The American Cancer Society and American College of Radiology guidelines for the screening of asymptomatic women have made over 50 million women candidates for mammography. In view of the staggering numbers involved, it is critically important that simple but reliable methods be developed to assess system performance, to assure consistent system performance, and to assure consistent production of diagnostically useful images (1, 17).

1.2 The Development of the Standard of Reference

Phantoms for use in mammography should simulate a real breast as closely as possible (2). A list of desirable features for such a phantom can be found in Section 2, page 2-2. Note that the phantom should be able to test for both image quality and dose if system performance is to be evaluated. The phantoms must also be easy to use and yield images that may be unambiguously interpreted.

In developing the tissue-equivalent/realistically shaped phantom:

• Image Contrast may be measured quantitatively with standard densitometers though the use of the embedded step wedge.

• Dose may be calculated by "TLD" or by ion chamber placed on top of the phantom and converted to average glandular dose through conversion tables (3.6 and 3.7) in NCRP Report #985 (2). A suggested dose chart is shown in Figure 2-1.

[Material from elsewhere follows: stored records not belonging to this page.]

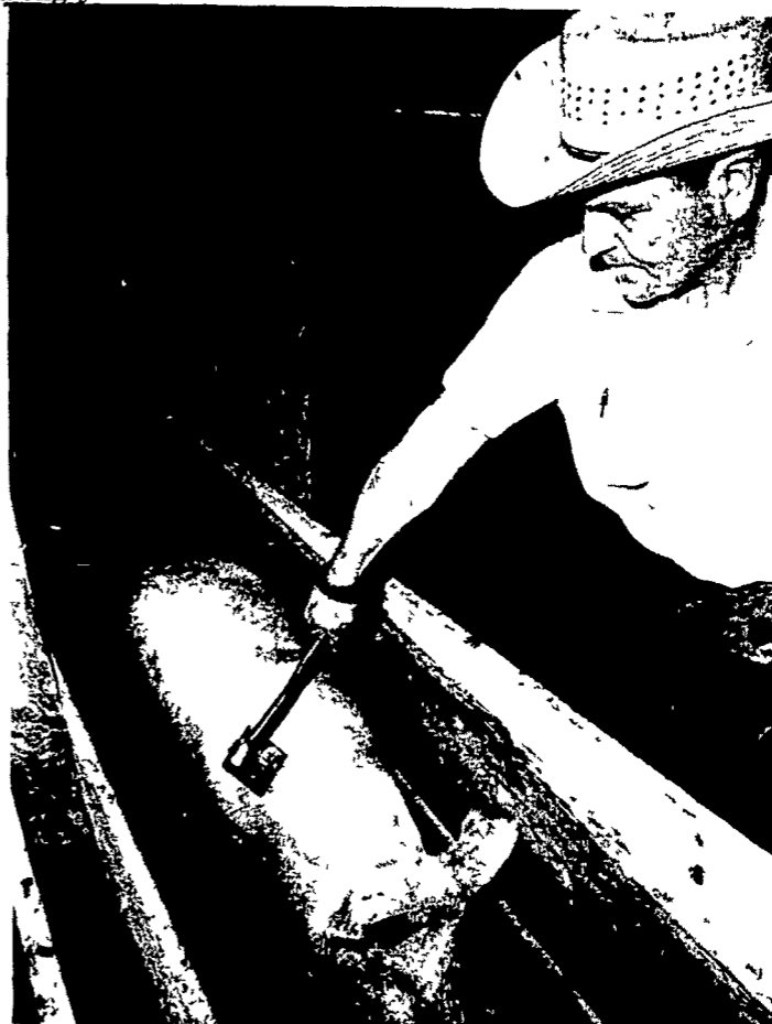
Swine identification tattoos are applied to the shoulder of the hog. Here, a stockyard worker tattoos a hog during tests conducted of a USDA-proposed swine identification system. These tests were held recently at four terminal markets. Preliminary reports of results indicate that use of the system will allow successful traceback of diseased animals to the herd of origin — a great asset in keeping swine free of disease.

Animal health officials are hopeful that nationwide acceptance of the system will be a benchmark in achieving eradication of some of the major swine diseases that now plague U.S. hog production.
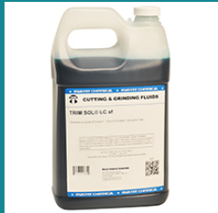
1-gallon jug SKU: SOLLCSF-1G UPC-12: 641238008651
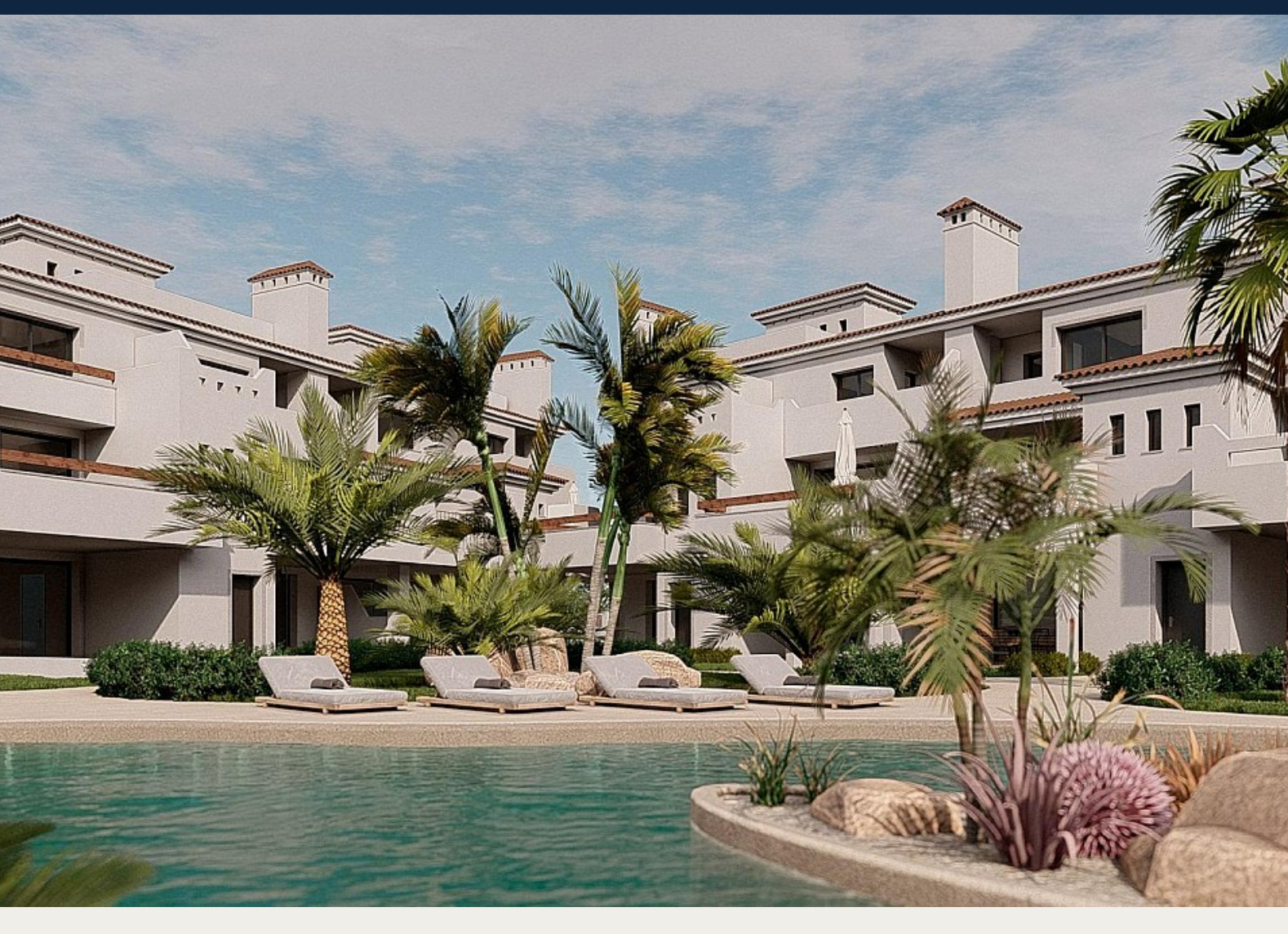
Penthouse in Los Alcázares - New build

• Resolution - Simulated tumors and microcalcifications of known size and location are embedded in the phantom for qualitative evaluation. The smallest microcalcifications and tumors are small enough that they will not normally be detected.

1.3 The Realistically Shaped, Tissue-Equivalent Series of Breast Phantoms

Shape

Standard dental modeling techniques were used to obtain molds of the compressed right breast of a volunteer female subject. This breast is 4.5 cm thick and 18 cm in width.

Materials

Tissue-equivalent resin molding techniques were used. The system of resins used have been developed over the past six years to permit mimicking of any body tissue at different diagnostic x-ray levels. The elemental composition of the simulating tissue as compared to Hammerstein's analysis (11) of human tissue is shown in Table 2-1. Also shown in Table 2-2 are comparisons of linear attenuation coefficients for actual and simulated tissue.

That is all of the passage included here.